> EXERCISE:
Copy the listing verbatim, excluding any images found in it.

> SUPPLIED ENTRIES:
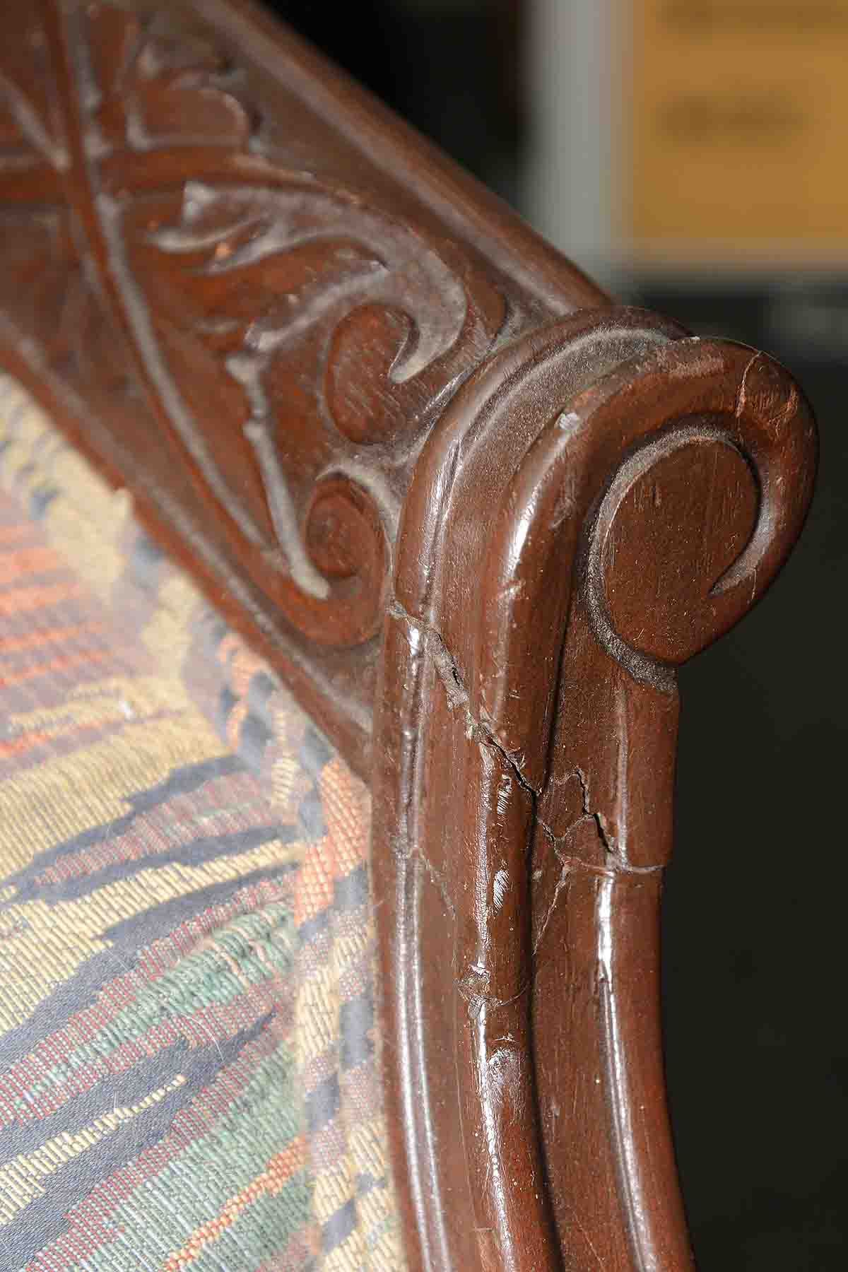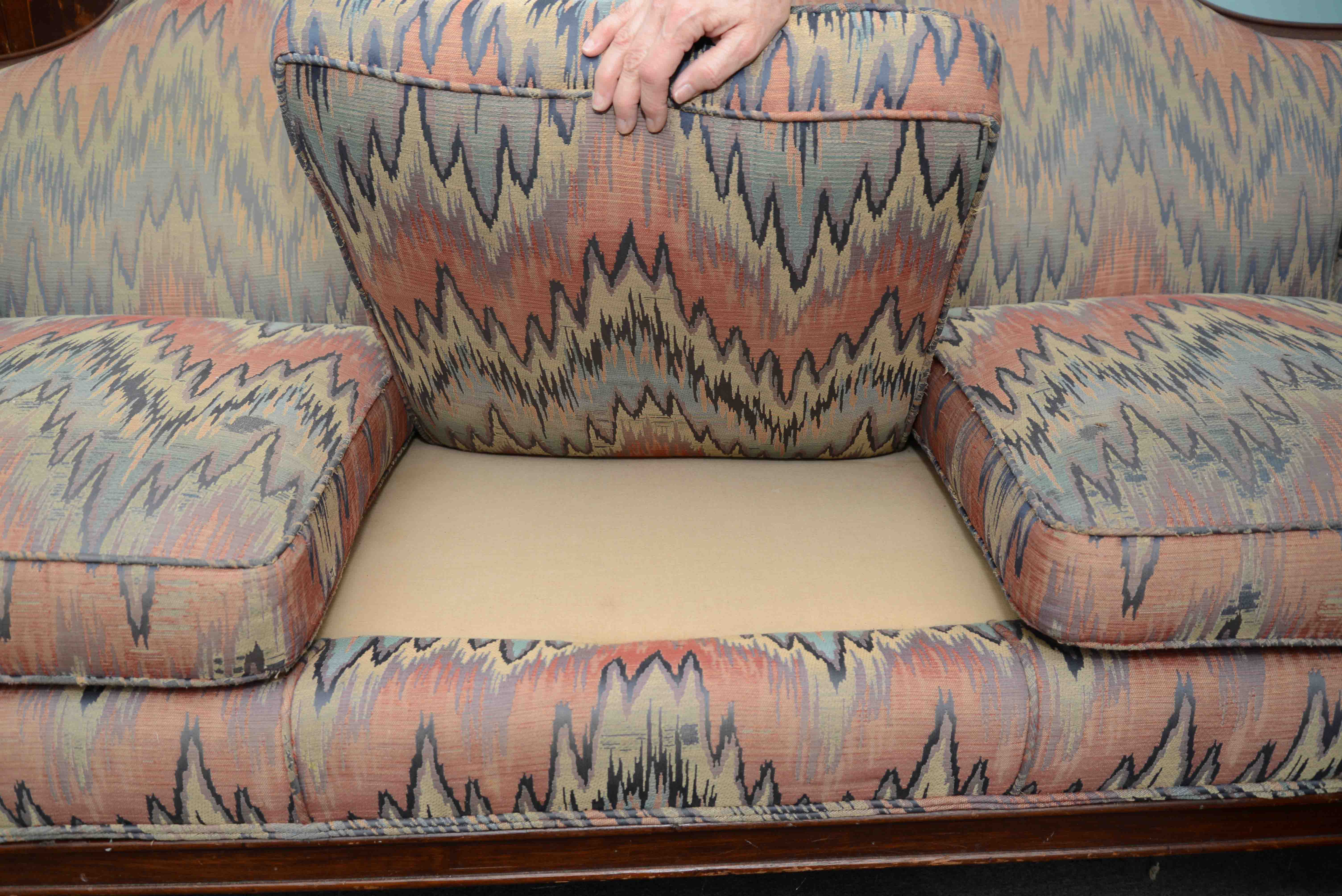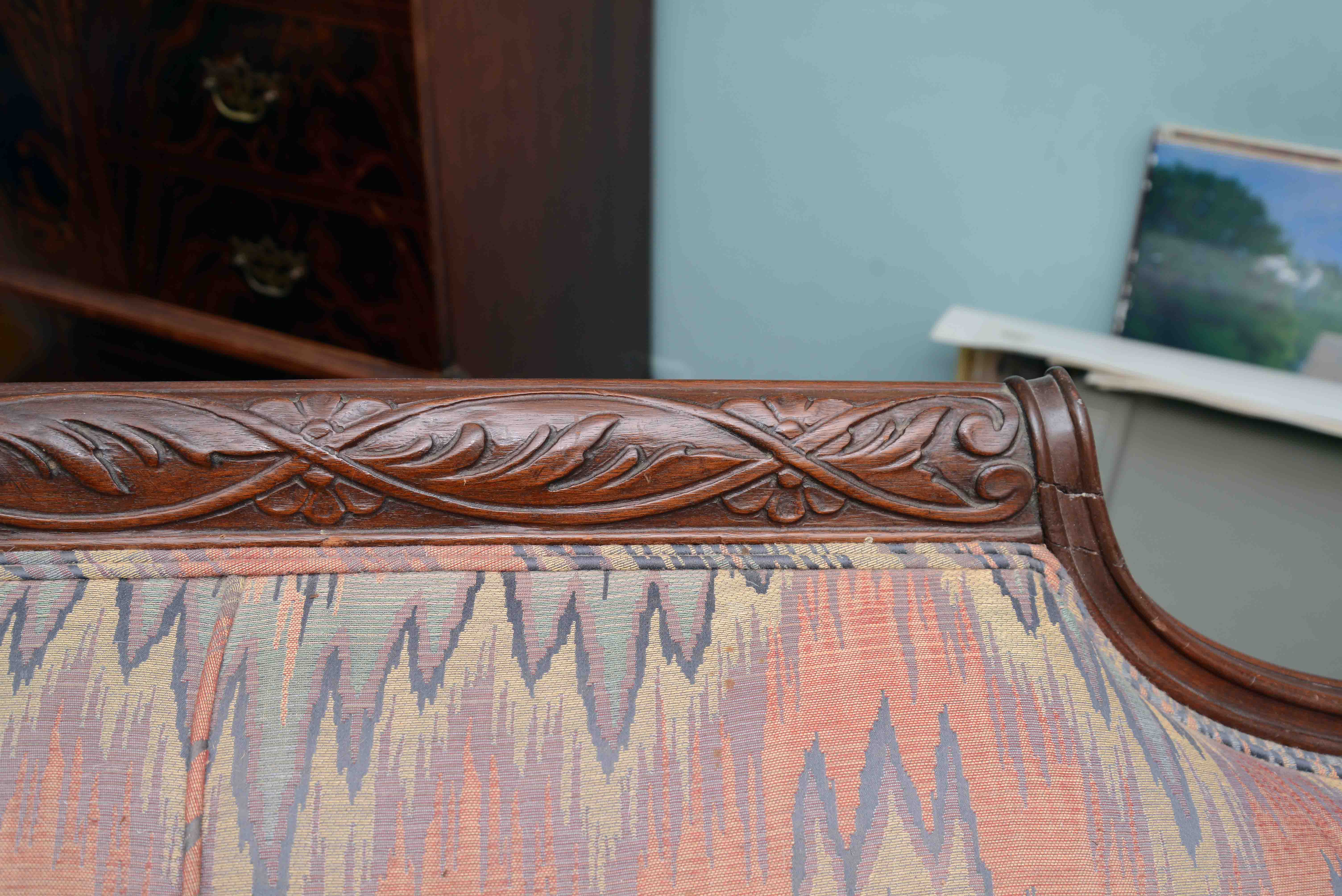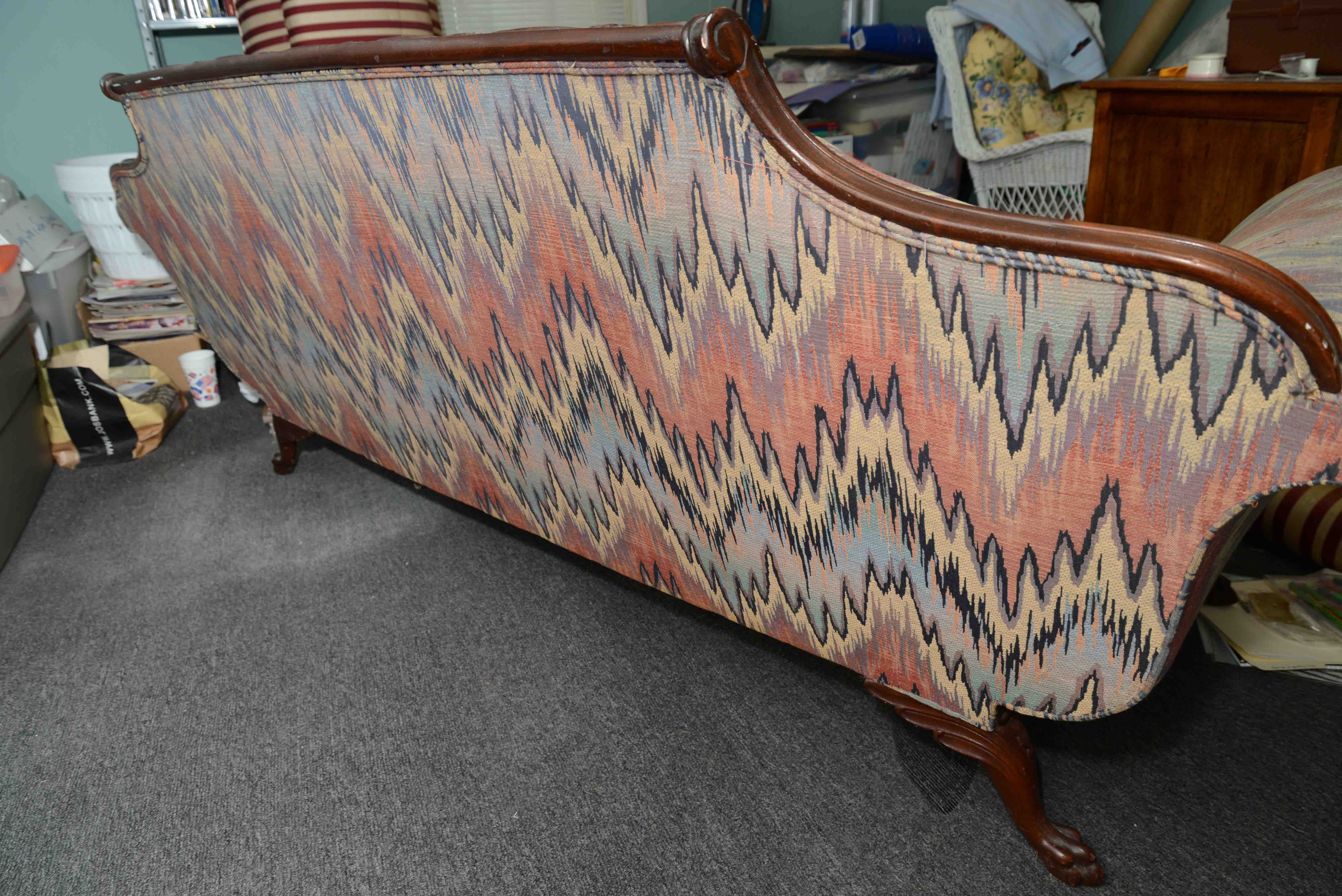 Antique walnut claw foot sofa. Three horse hair seat cushions. Fully upholstered - back, arms and front. Believed to be around 1900.
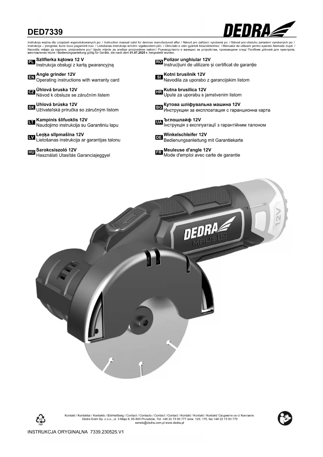 Retrouvez gratuitement la notice de l'appareil DED7339 DEDRA au format PDF.
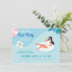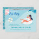 Ces simples invitations à la fête de la piscine de remise de diplômes sont sûrs de faire la fête d'été! Modèles de texte à l'avant et modèle photo à l'arrière. palmiers tropicaux en haut à droite, ballon de plage en haut à gauche, radeau de sauvetage et brune sur un tube intérieur flottant dans la piscine.
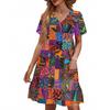 gender: female Material: Polyester Sleeve Length:Short Pattern Type: Printing Neckline: V-neck Length: knee length Decoration: None
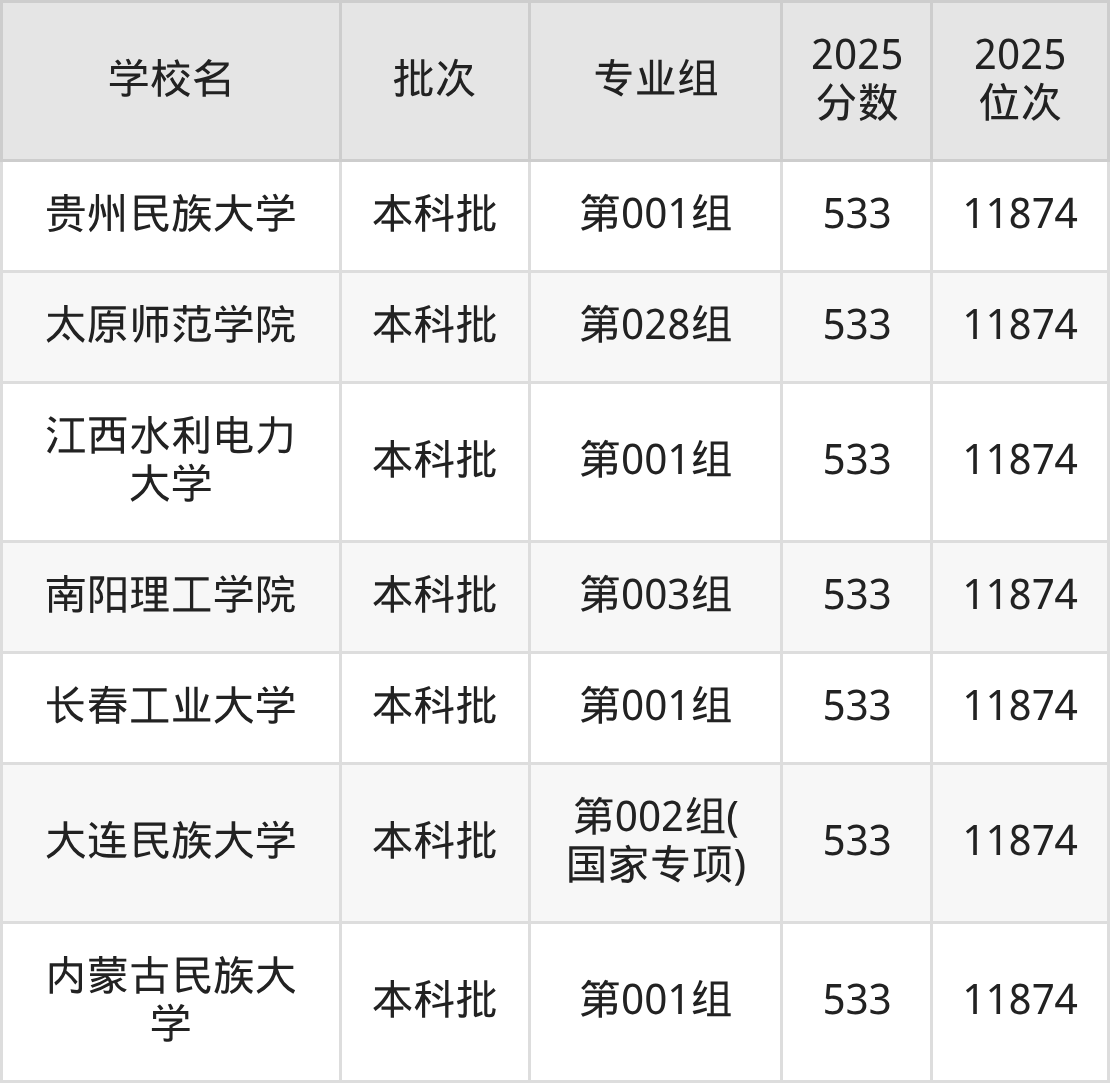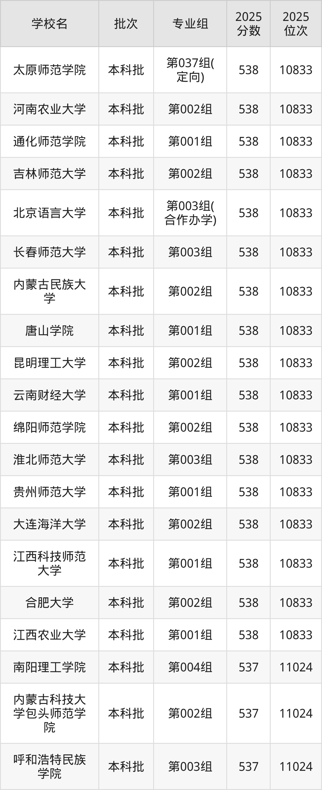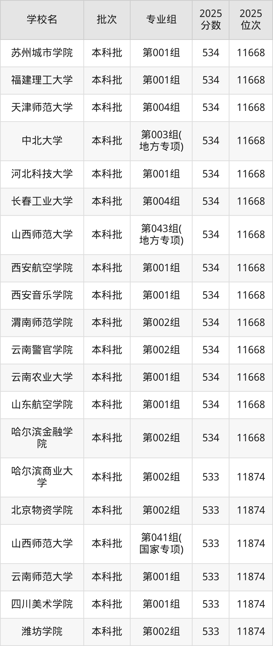 这些都是2026年高考历史类11239名~11462名考生可以报考的大学,更多学校名单如下表所示:

> ANSWER FOR THIS EXERCISE:
 Antique walnut claw foot sofa. Three horse hair seat cushions. Fully upholstered - back, arms and front. Believed to be around 1900.
 Retrouvez gratuitement la notice de l'appareil DED7339 DEDRA au format PDF.
 Ces simples invitations à la fête de la piscine de remise de diplômes sont sûrs de faire la fête d'été! Modèles de texte à l'avant et modèle photo à l'arrière. palmiers tropicaux en haut à droite, ballon de plage en haut à gauche, radeau de sauvetage et brune sur un tube intérieur flottant dans la piscine.
 gender: female Material: Polyester Sleeve Length:Short Pattern Type: Printing Neckline: V-neck Length: knee length Decoration: None
 这些都是2026年高考历史类11239名~11462名考生可以报考的大学,更多学校名单如下表所示:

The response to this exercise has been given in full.